Wednesday, January 2, 2013

Insecure Writer's Support Group: The Importance of Storytelling

Sometimes we get caught up in storytelling as entertainment and forget how essential it is to our development as human beings and our relation to others. So today I have a story from my personal life to help remind us of that important truth.

This little lesson on the importance of storytelling was impressed on me by my 5 year-old son with Asperger's. To set it up a bit, my son, Maedhros, has a very hard time going to bed at night. He has some ADHD as well, which commonly goes along with Asperger's in children, and so it's very hard for him to just shut down when bed time comes.

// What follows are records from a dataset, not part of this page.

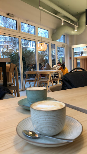 Read moreI visited today and was impressed by its minimalistic design and welcoming atmospheređ€ Coffee and cake were delicious; I tried the almond-strawberry meringue cake, while my friend tried bagel and was also satisfied. They also have a lunch menu starting from 11.30 am. Prices are above average, but acceptable. Cake was 4.90âŹ, which is more or less normal but cappuccino was 4.20⏠and latte 4.90âŹ, I found them a bit expensive. The lovely terrace was perfect for a long stay. They are also laptop-friendly and have a dedicated space with electric sockets. What stood out most was the thoughtful inclusion of a kid's corner with toys, books and a changing station and a small sink for children in the bathroom. This makes it also a perfect spot for parents, I'll definitely be back with my daughter!
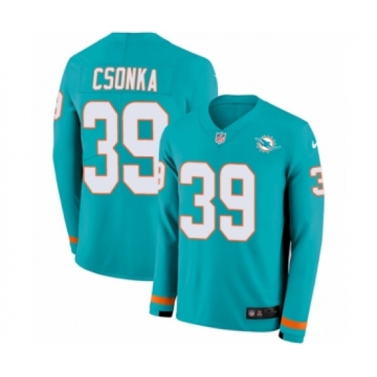 >Youth Nike Miami Dolphins #39 Larry Csonka Limited Aqua Therma Long Sleeve NFL Jersey
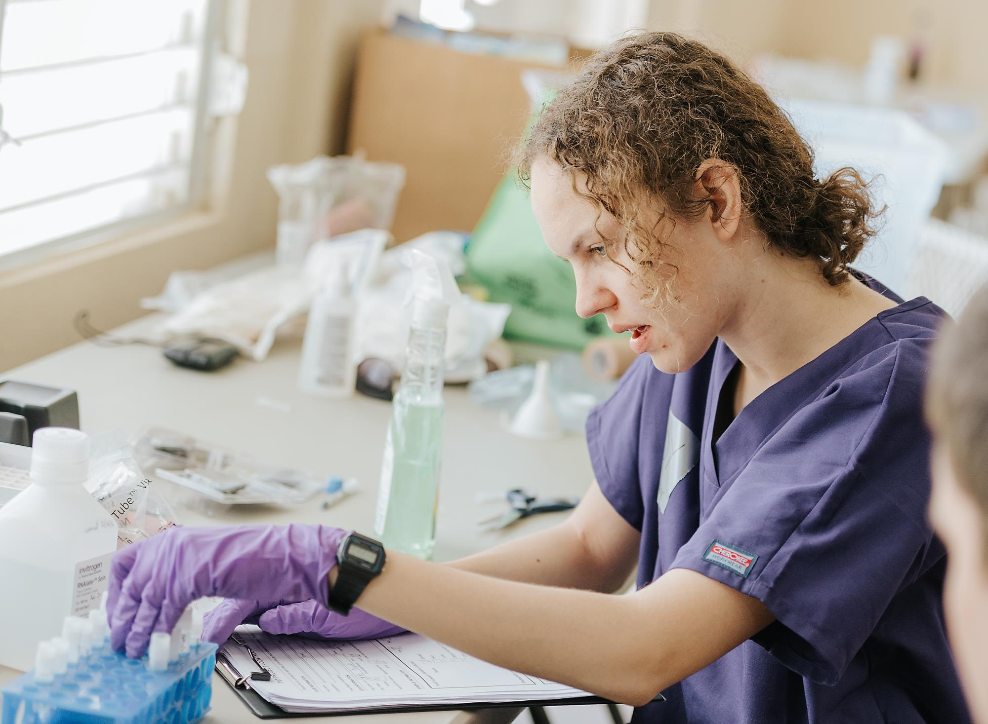 Andrea Strakova collecting canine transmissible venereal tumour (CTVT) samples in Belize. Photo credit: Amanda Thielman.
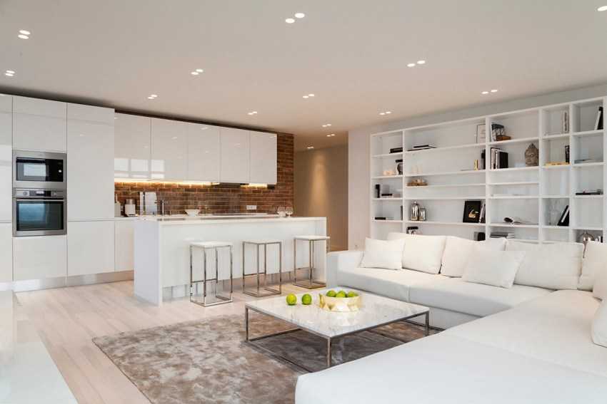 Еще более строгим требованиям подчиняется второй вариант перепланировки – создание квартиры-студии с максимально большим общим пространством. Даже квартиры в самых современных зданиях чаще всего имеют стены, которые запрещено сносить. В таком случае пригодятся дизайнерские приемы, позволяющие создать ощущение единого пространства без ущерба для безопасности.
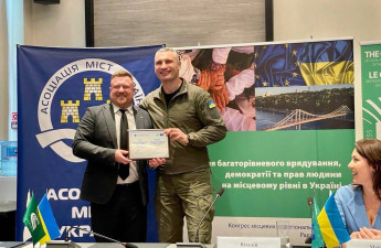 Вручив нагороду Віталій Кличко, голова Асоціації міст України.
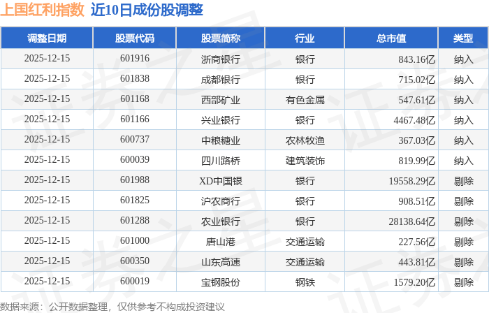 近10日内上国红利(000151)指数成份股做了调整,新纳入了6只股票,剔除了6只股票。

He gets a lot of leniency because of that. One night, my husband and I had allowed him to stay up late with us. When we finally insisted that it was time for all of us to go to bed it was around midnight. He still fought us about it. But I put my foot down and insisted he had to go to bed in his room. We went into our room and left him outside in the hallway having a tantrum.

As we lay in bed listening to his shouts for the moment when he would start bringing himself under control, we noticed something interesting. He was shouting something very specific.

"Come on, you guys! You can't!" and "Mom! Dad! Come on, quit eating! Get out of here!" followed by "Mom! Dad! Where are you?" We could tell that he was moving around a lot while saying these things too. Eventually it all clicked, and we realized that he was completely acting out a scene from one of our family's favorite movies: Spirited Away.

(Which, by the way, is a brilliant movie by Hayao Miyazaki that everyone should see regardless of age.)

The particular scene he was quoting word for word is when the heroine, Chihiro, and her parents wander into a sort of resort for the spirit world. The mom and dad find an empty shop full of appetizing foods and start gorging themselves, thinking they can just pay later. But as the sun sets and the spirit world awakens, Chihiro's parents turn into pigs, a punishment for their gluttony, and Chihiro is left scared and alone while strange beings appear all around her.

The connection is obvious. Maedhros was acting the part of Chihiro and my husband and I were obviously the parents who did something stupid, something their kid warned them not to do (in this case, going to bed), and ended up getting into trouble and abandoning their child in a strange and scary world.

But he didn't stop there. He continued the scene up to the point where Chihiro is helped by Haku, one of the few good and friendly spirits in that world.

"Where are my mom and dad? They didn't really turn into pigs did they?"

"You can't see them now, but you will."

He was doing lines for both Chihiro and Haku now, but still clearly identifying with Chihiro. And he finally started to calm down and bring himself under control. His parents may be missing, but he wasn't alone after all. Soon after Haku came into the scene, Maedhros stopped quoting and quietly went into his room and went to sleep.

We couldn't reason with him, we couldn't comfort or reassure him, but the story did. By putting himself in Chihiro's shoes and placing himself inside the story he knew well, he was able to feel the comfort of knowing that Haku would help Chihiro and Chihiro would eventually save her parents and everything would be all right in the end. When nothing else could ease the chaos of his feelings, the story did.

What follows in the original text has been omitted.